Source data
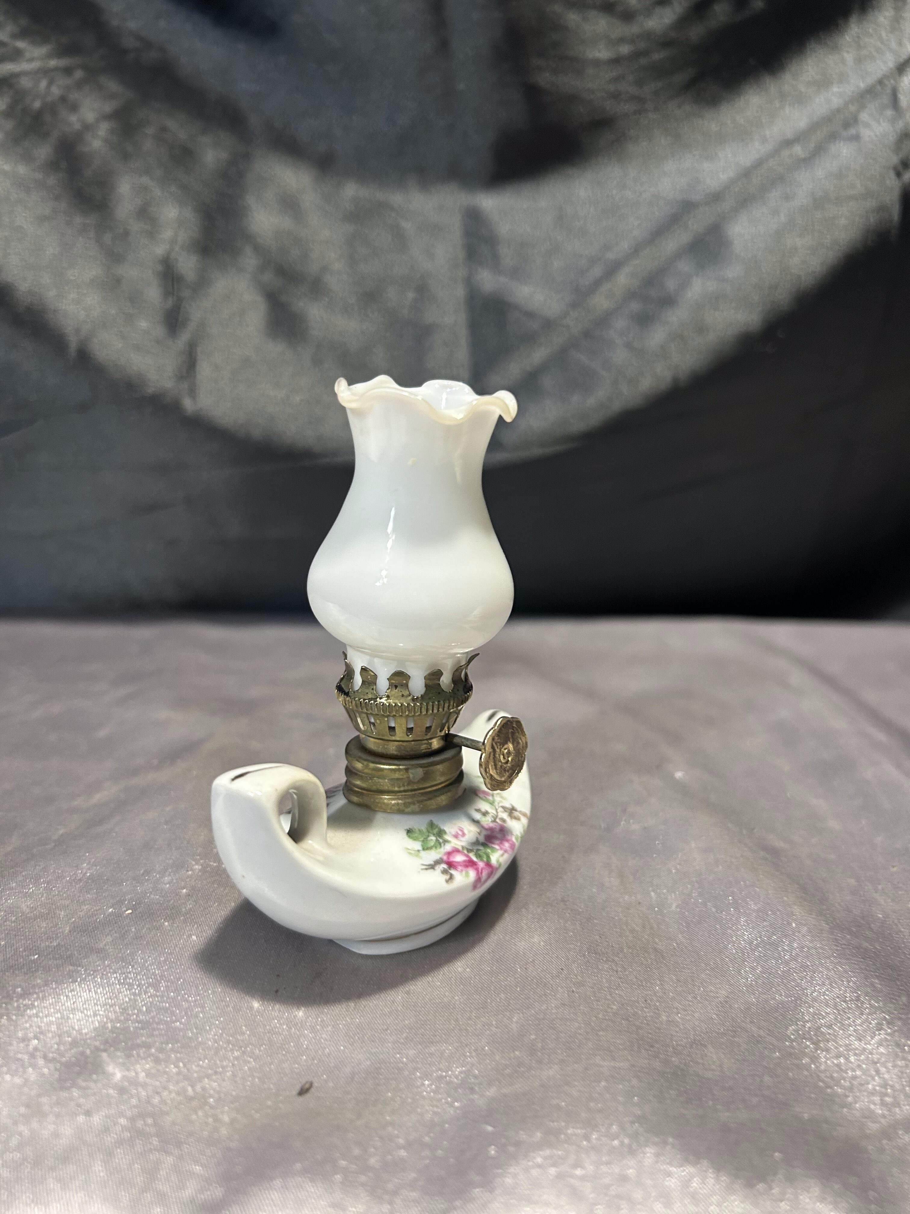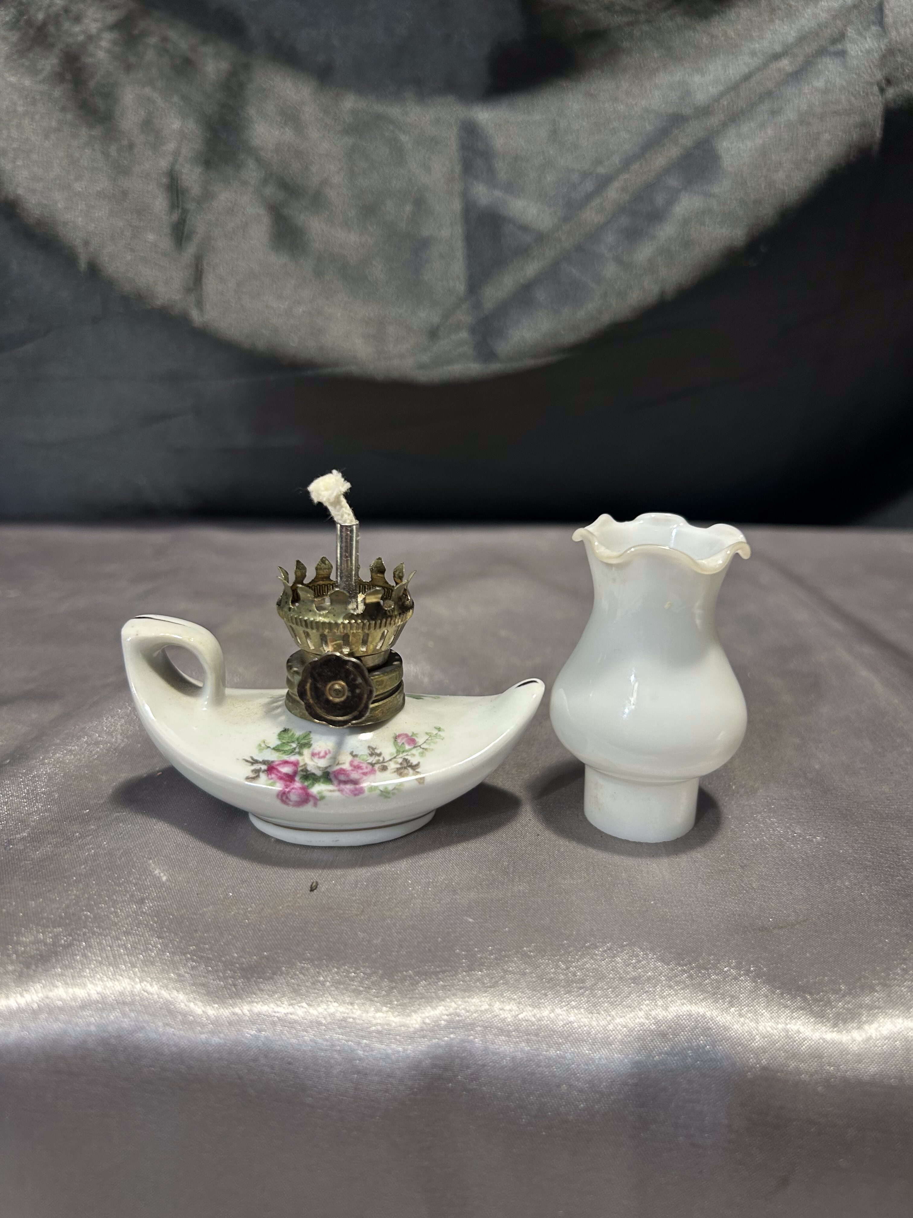 Lampa naftowa w stylu Alladyna – Biała z kwiatowym motywem – Sprawna i dekoracyjna
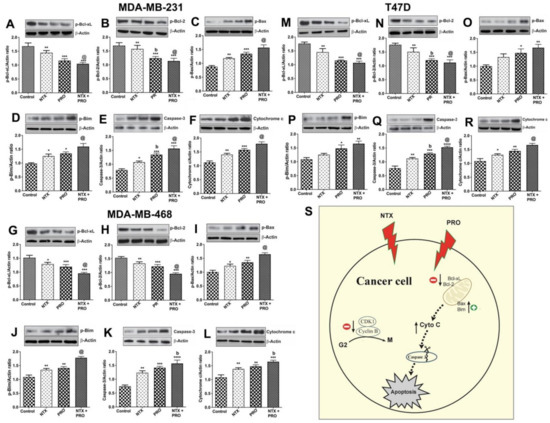 PRO and NTX modulate levels of apoptosis-related protein in MDA-MB-231, MDA-MB-468, and T47D cells. Cells were treated with a 100-μM concentration of the drugs alone or in combination or vehicle alone for 48 h. After the treatment period, cells were extracted and used for Western blot analysis of anti-apoptotic p-Bcl-xL (A,G,M) and p-Bcl2 (B,H,N), effector proteins such as p-Bax (C,I,O), pro-apoptotic molecule p-Bim (D,J,P), effector caspase 3 (E,K,Q) and cytochrome c (F,L,R) levels. Representative blots are presented on the top and mean densitometric values are presented as ratio of β-actin in the histograms. Data presented are mean ± SEM (n = 5–6 samples/group) and were analyzed using one-way ANOVA with the Newman–Keuls multiple comparisons post hoc test. *, p < 0.05, **, p < 0.01, ***, p < 0.001, ****, p < 0.0001 compared to control, b, p < 0.05, compared with NTX. @, p < 0.05, compared with the rest of the groups. Schematic illustration of the proposed mechanism of action of naltrexone and propranolol on induction of apoptosis in human breast cancer cells (S). (Figure S3: Original gel blots).
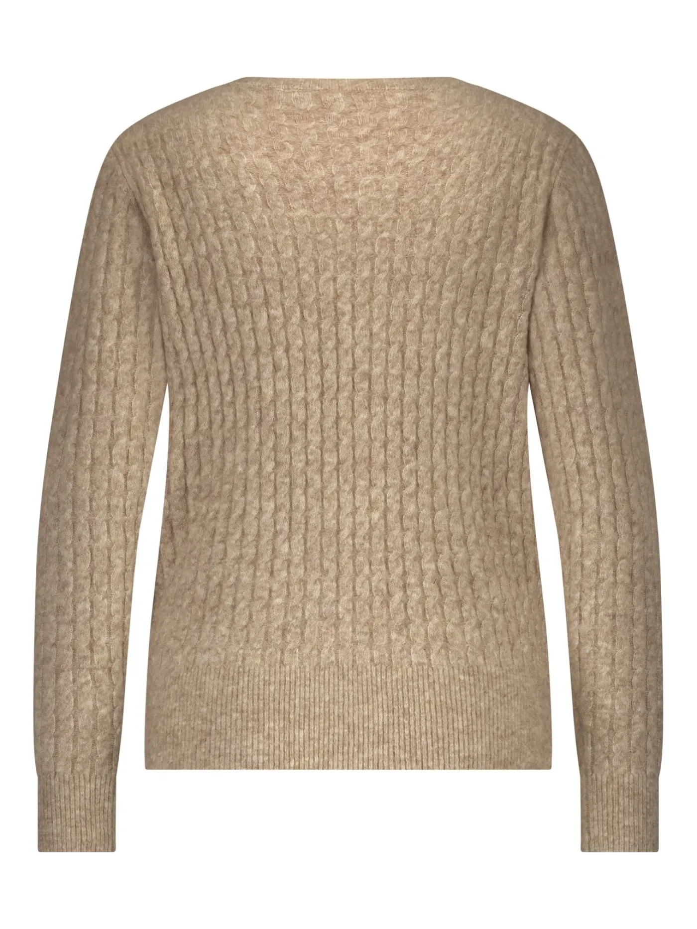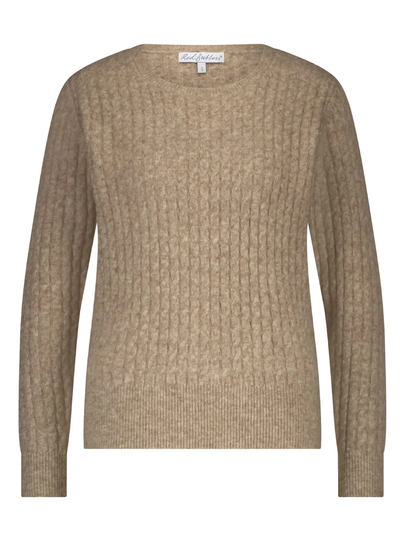 Deze lichtbruine kabel trui van het merk Red Button is perfect voor komend najaar en komende winter. De trui heeft lange mouwen en een ronde hals. De trui is gemaakt van een zachte stof en is lekker warm voor de wat frissere dagen. Je kunt deze trui combineren met een jeans of mooie zwarte broek voor een casual look.
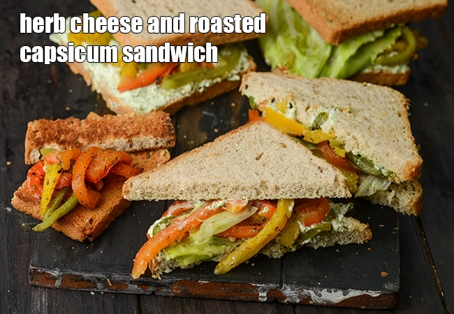 Herb cheese and roasted capsicum sandwich recipe | roasted pepper and paneer sandwich | Indian paneer capsicum sandwich is a simple and easy snack. Herb cheese made of paneer and an assortment of aromatic herbs is a lip-smacking spread or topping for any snack. Together with lettuce and roasted capsicum when sandwiched between whole wheat or multigrain bread slices, this Indian paneer capsicum sandwich is a calcium and antioxidant rich combo one cannot ignore.
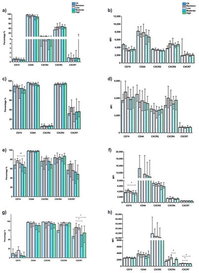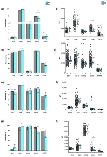 For granulocytes (Figure 2g,h), a higher expression (percentage and MFI) of CXCR4 was found in patients with RA compared to CS (p < 0.05).
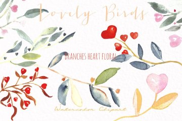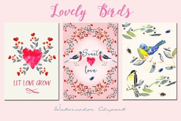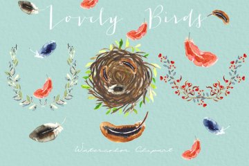 图穷联素材库 » 可爱的水彩彩色小鸟素材 Lovely birds.Watercolor
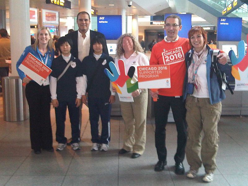 La delegación española que representa la candidatura de Madrid 2016 llega al completo a Copenhague. (30/09/09)

## [Task brief]
If a picture sits between the line containing "Deze lichtbruine kabel" and the line containing "For granulocytes (Figure", leave it out, and return the lines of that range above exactly, both ends included.

## [Task response]
 Deze lichtbruine kabel trui van het merk Red Button is perfect voor komend najaar en komende winter. De trui heeft lange mouwen en een ronde hals. De trui is gemaakt van een zachte stof en is lekker warm voor de wat frissere dagen. Je kunt deze trui combineren met een jeans of mooie zwarte broek voor een casual look.
 Herb cheese and roasted capsicum sandwich recipe | roasted pepper and paneer sandwich | Indian paneer capsicum sandwich is a simple and easy snack. Herb cheese made of paneer and an assortment of aromatic herbs is a lip-smacking spread or topping for any snack. Together with lettuce and roasted capsicum when sandwiched between whole wheat or multigrain bread slices, this Indian paneer capsicum sandwich is a calcium and antioxidant rich combo one cannot ignore.
 For granulocytes (Figure 2g,h), a higher expression (percentage and MFI) of CXCR4 was found in patients with RA compared to CS (p < 0.05).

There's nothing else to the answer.